Thursday afternoon the staff from the University of Wisconsin-Madison near Lake Mendota felt a shake and heard a noise like a boom which was triggered by an ice quake.
According to the University of Wisconsin-Madison geologists, even though they didn’t feel the quake on West Dayton Street the tremor was recorded around 12:50 p.m. and lasted two or three seconds. At the time quake the temperature in Madison was of 16 degrees.
Patrick Brenzel, from the department of sociology situated at the eighth-floor, 1180 Observatory Drive, said: “It actually sounded like a bus drove into the building. The whole building shook.”
The ice quakes are triggered by large shifts in lake ice when temperature changes dramatically thus making a loud noise when it cracks, according to Cliff Thurber, a professor of geophysics....

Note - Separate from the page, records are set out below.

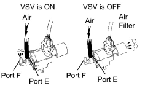 (e) Check the VSV's air flow when switching the VSV.
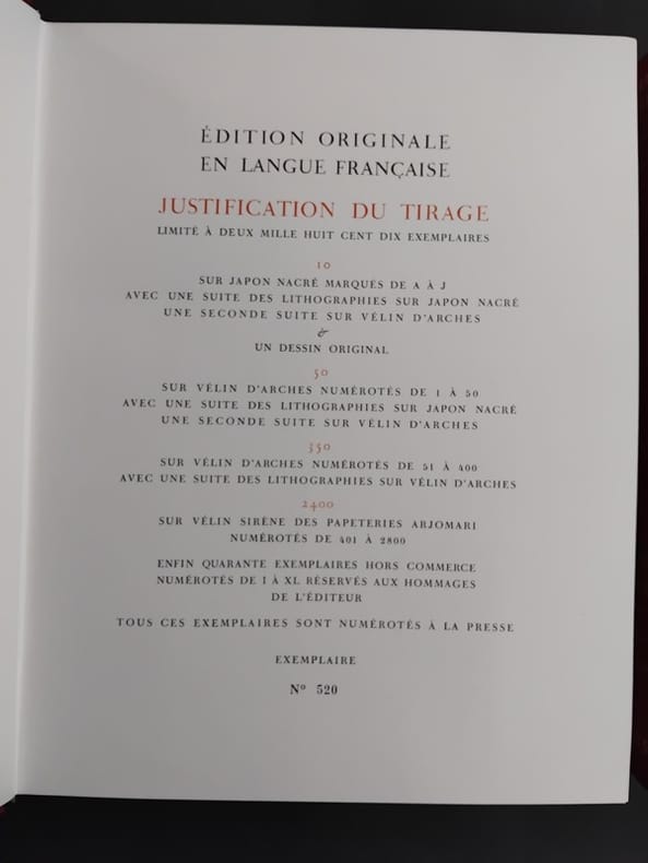 édition originale en langue française Tirage limité à 2810 exemplaires. Exemplaire n° 520 / 2400 exemplaires sur Vélin Sirène des papeteries Arjomari numérotés de 401 à 2800 Bon état d’occasion
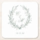 Sage Green Monogram Botanical Wreath Wedding Square Paper Coaster
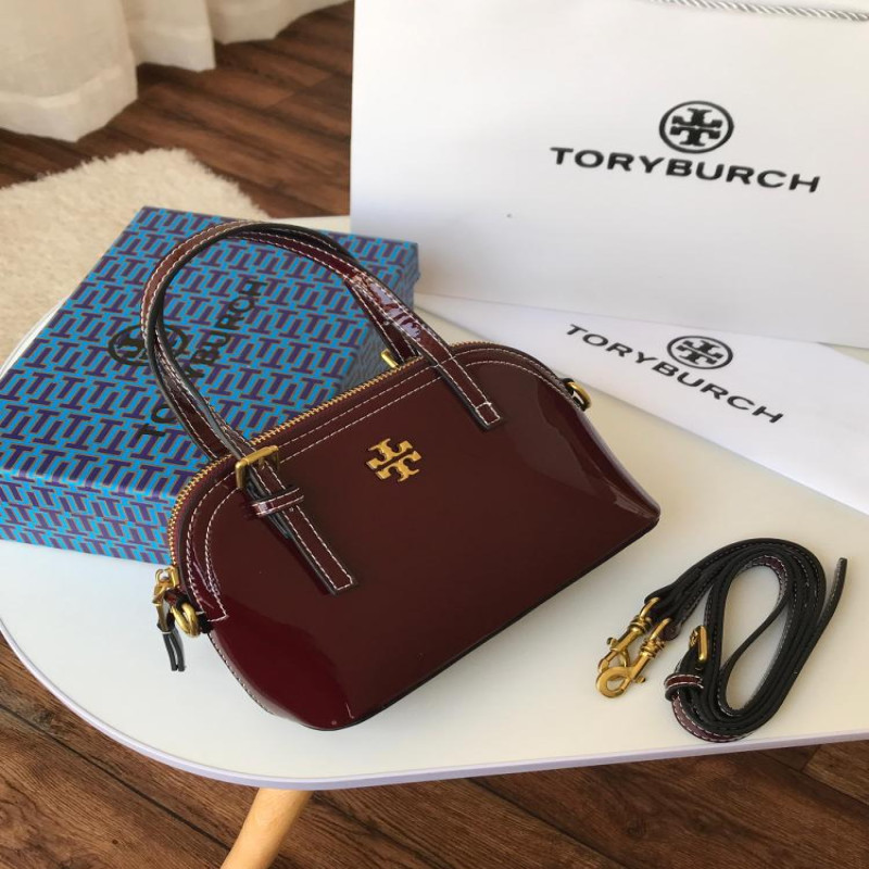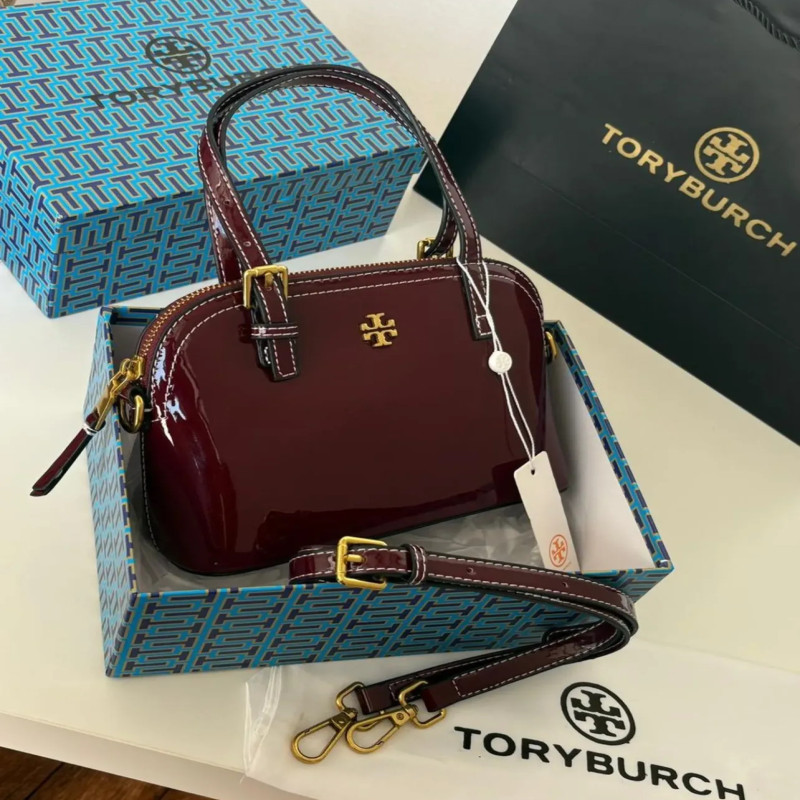 شنطة توري بورش Tory Burch طبق الأصل مصنوعة من الجلد اللامع الفاخر بلون عنابي جذاب مع ت...
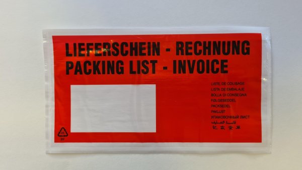 Samolep.kapsy na zásilky-DL,průhl.+červená,1000 ks
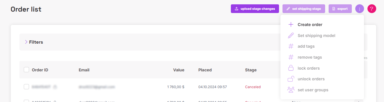 Once your crowdfunding campaign ends, you can create new orders for your backers from scratch. To do this, go to Orders -> Order list, click the three-dot button, and choose "Create order":
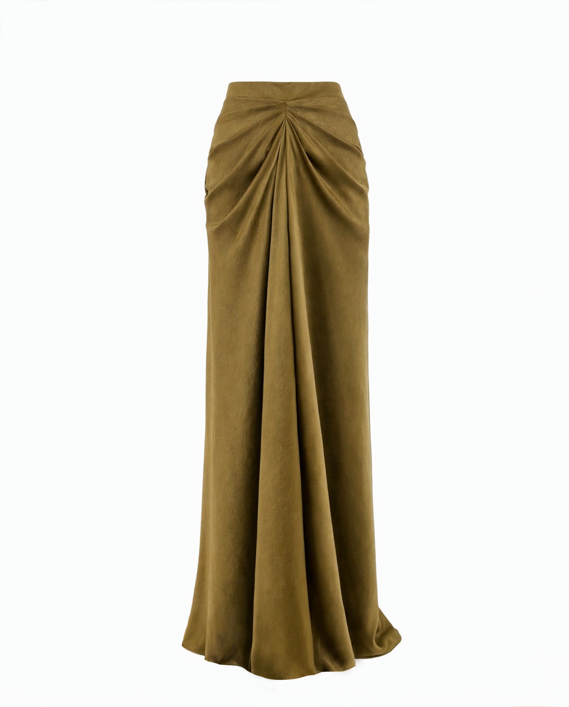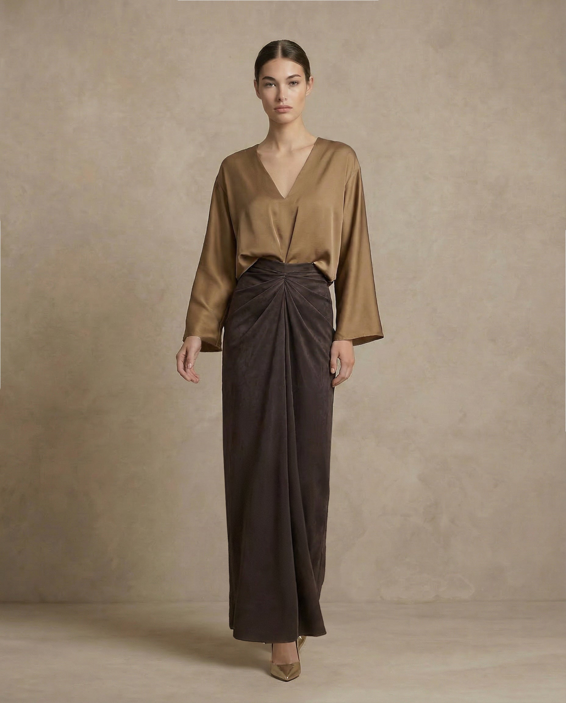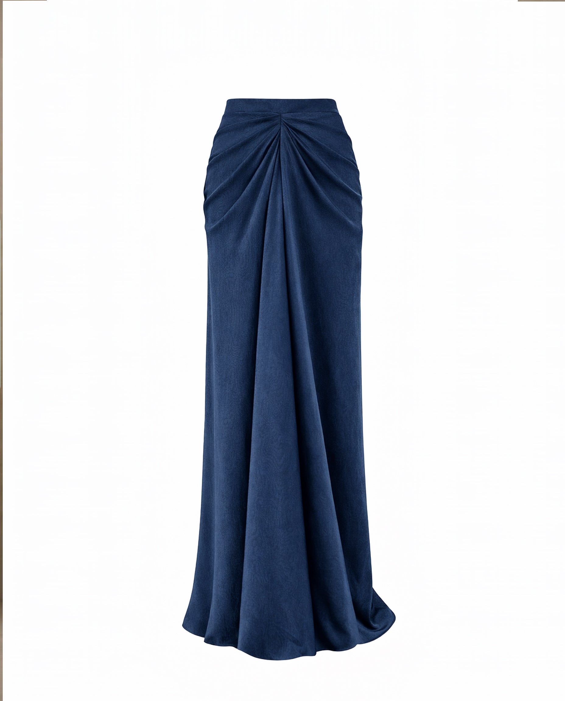 Leire drapierter langer Rock, ein elegantes und raffiniertes Kleidungsstück, das jeden Look aufwertet. Seine zarte Drapierung verleiht Textur und Stil, während seine schmeichelhafte Länge ihn zu einem vielseitigen Stück macht, das sich gut mit Blusen oder Tops kombinieren lässt. Perfekt für formelle Anlässe oder Feierlichkeiten. Leire ist ein Rock, der Komfort und Stil vereint.

Several people called police when they’ve heard the noise....
[P]eople coming out of the offices were looking at each other almost like saying “Do you think it was a bomb?”
ADDED: "The Pond in Winter."
20 comments:
I had no idea that Al Gore was in Madison yesterday.
I think I had one of those in my ice tea glass as I was sunning myself yesterday on the patio. Ah Florida.
Like MadisonMan, I'm bummed I didn't feel it.
I've been out on the lakes when they crack. Even though I know there's no danger, I can't help tensing up when it happens. My imagination pictures the ice opening up and me going for a (very cold) swim.
Ann, I just checked Prince's Web site, and I'm afraid he's demanding royalties for this post.
Shifting ice shook a whole building? Wow!...
If ice on a relatively small body of water (relative to bodies like, say, Lake Michigan) can cause that sort of event, I'm more in awe of the power behind ice shifting on larger bodies, like glaciers.
Wow.
Ice made Lake Michigan.
Ice quake? Bah.
I demand Althouse debate me about the fact that it was actually secret underwater blasting by the nefarious Madison city council.
How else to account for the thermite on the ice?
Yes, professor, that's true. Glaciers grinding out the earth created that body. When I think about that, I'm just floored by the sheer scale and power of the ice age glaciers.
It's easy to see why nature is endlessly fascinating, even to the earliest thinkers and writers in human history.
We in the Midwest do get the occasional earthquake.
And, pogo, perhaps that guy should look into controlled blasts under Madison itself. After all, some major cities sit on mines. With most of America blissfully unaware!
Heh. There's a typo in this post that is almost the title of a Kurt Vonnegut novel.
People relate loud noises to things in their actual experience, like bombs on TV.
I'd you dodged a bullet. Lucky it wasn't a tsunami.
Johnannarbor, have you seen this one? http://www.silentwall.com/BochniaI.html
No, hadn't seen that one! I'd heard of the other one they mention, Wieliczka, from a History Channel show on salt. Thanks!
Does anybody know about the quake? We do!
Shut up, already! Damn!
Maybe it was just a two gun salute from Mendota and Monona, in honor of Althouse being back in town.
A professor at UW is stating that the so called quake was actually a controlled explosion caused by the government in an attempt to silence the 911 trut tellers. He has the evidence and there are films to back up his claim. Further the real proof is its failure. He states that the government just can't do anything right. Google it!
Wow! I've never heard of "ice quakes" before. It makes sense, tho. Cool!
Waiting for the 1/31 trouters to demand a debate about Lake Mendota ice quakes being caused by BushCheney....
Global warming caused formation of the great lakes when the glaciers receded and melted. SUVs were not involved, although I was only a child at the time, so my memory may be inaccurate.
The Madison Lakes are the result of meltwater pooling in an existing depression. The glacial moraine stops west of the lakes in Cross Plains. What ice may have been here was surface cover and not the sort of glacial event that gouges holes in the ground to later fill up with water - I believe.
Of course I could be wrong since it happened 3 days before I was born as well.